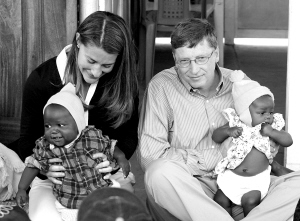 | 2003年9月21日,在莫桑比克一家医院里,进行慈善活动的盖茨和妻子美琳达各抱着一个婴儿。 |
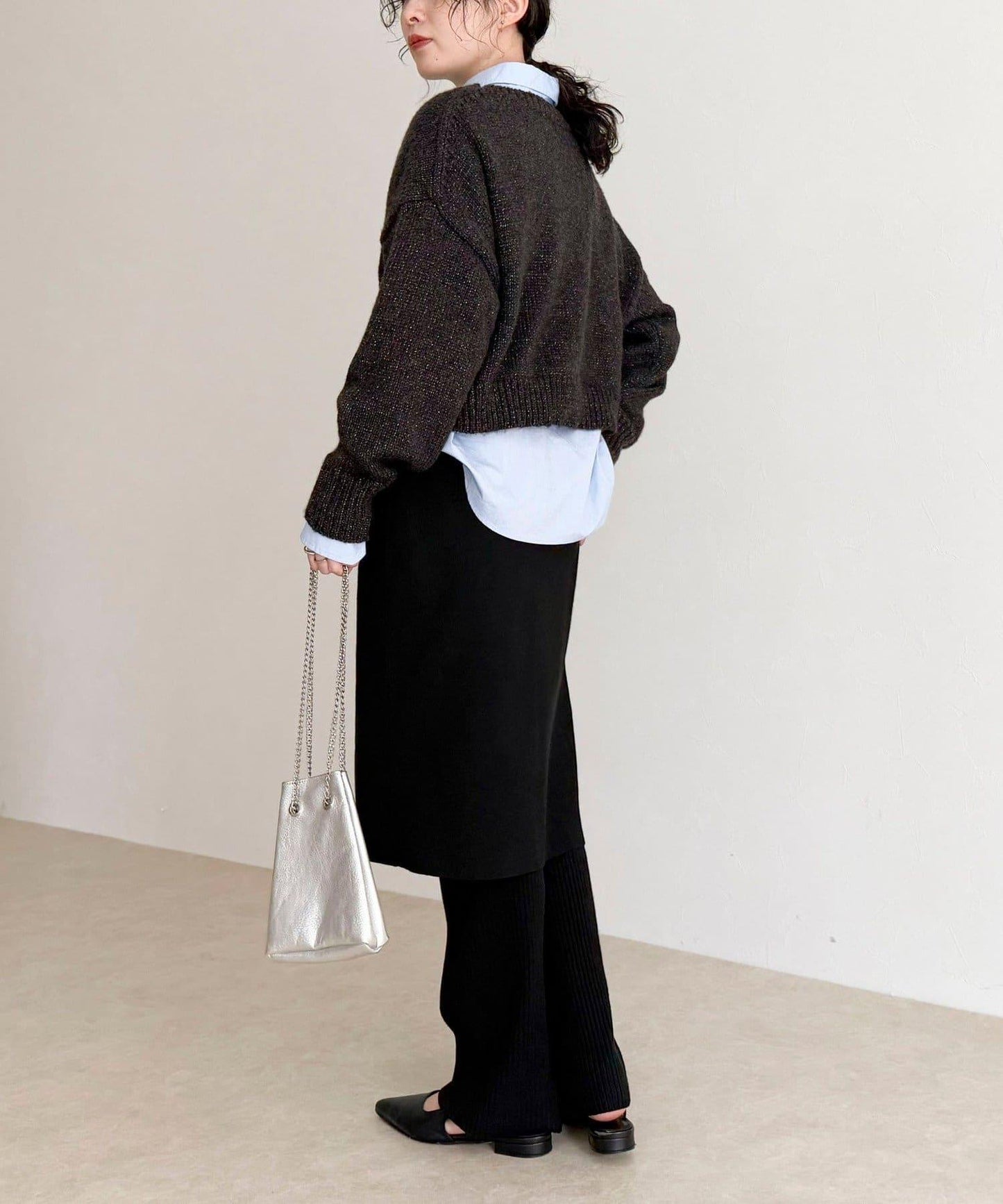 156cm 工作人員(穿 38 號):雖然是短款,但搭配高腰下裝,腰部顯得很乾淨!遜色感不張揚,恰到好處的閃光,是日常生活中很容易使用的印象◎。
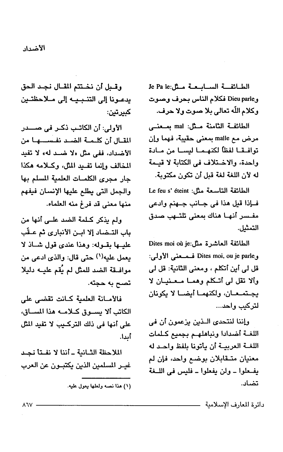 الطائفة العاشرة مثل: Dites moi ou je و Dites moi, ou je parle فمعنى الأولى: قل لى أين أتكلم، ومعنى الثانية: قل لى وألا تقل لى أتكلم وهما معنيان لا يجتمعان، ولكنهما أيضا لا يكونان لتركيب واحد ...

━━━━━━━━━━━━━━━━━━━━

Description of the task →
Please retype the data exactly, but do not carry over any picture.

Answer for the task →
 | 2003年9月21日,在莫桑比克一家医院里,进行慈善活动的盖茨和妻子美琳达各抱着一个婴儿。 |
 156cm 工作人員(穿 38 號):雖然是短款,但搭配高腰下裝,腰部顯得很乾淨!遜色感不張揚,恰到好處的閃光,是日常生活中很容易使用的印象◎。
 الطائفة العاشرة مثل: Dites moi ou je و Dites moi, ou je parle فمعنى الأولى: قل لى أين أتكلم، ومعنى الثانية: قل لى وألا تقل لى أتكلم وهما معنيان لا يجتمعان، ولكنهما أيضا لا يكونان لتركيب واحد ...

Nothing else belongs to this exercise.